The methodology proposed by NIST (National Institute of Standards and Technology) was initially introduced as a GNST (Guideline on Network Security Testing), reproduced in the Special Publication 800-42, and its continued version is presented in Special Publication 800-115 as “Technical Guide to Information Security Testing and Assessment”. Basically, the structure follows four stages: planning, where the system is analyzed to find the most interesting test targets; discovery, where the tester looks for vulnerabilities in the system; attack, where the tester verifies that the found vulnerabilities can be exploited; and report, where each result from the actions taken in the previous step is reported. In the attack stage, the following activities are also present: gaining access, escalating privileges, system browsing, and install additional tools.
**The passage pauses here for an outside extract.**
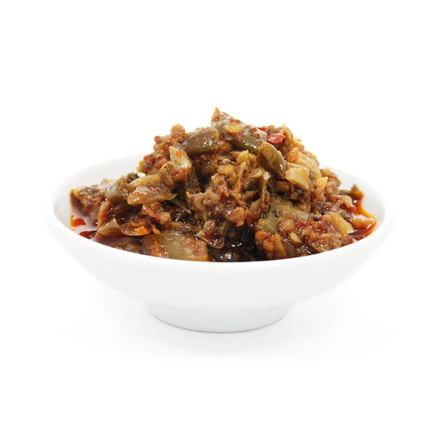 These intensely fiery pickles are served to spice up plain noodle and tofu dishes. They are best though of as a pickled vegetable-rich Sichuan chilli oil. Use in the same way you would use chopped Sichuan preserved vegetable in recipes. The pickles are a blend of chilli, preserved vetable, cowpea (like a green bean), Chinese cabbage and spices.

OWASP has a methodology driven by the idea of making secure software a reality, and therefore, the guidelines are directed towards testing security for web applications. In most software development organizations, security concerns are not present in the development process. Then, the methodology idealizes the use of security testing as a means of awareness and is based on other projects provided by the OWASP as the Code Review Guide and Development Guide. The methodology is divided into three main stages: the introductory stage, which deals with the preconditions for testing web applications and also the testing scope; the intermediate stage, which presents the OWASP Testing Framework with its techniques and tasks that are related to the different phases of the Software Development Life Cycle; and the conclusive stage that describes how vulnerabilities are tested by Code Review and Penetration Testing.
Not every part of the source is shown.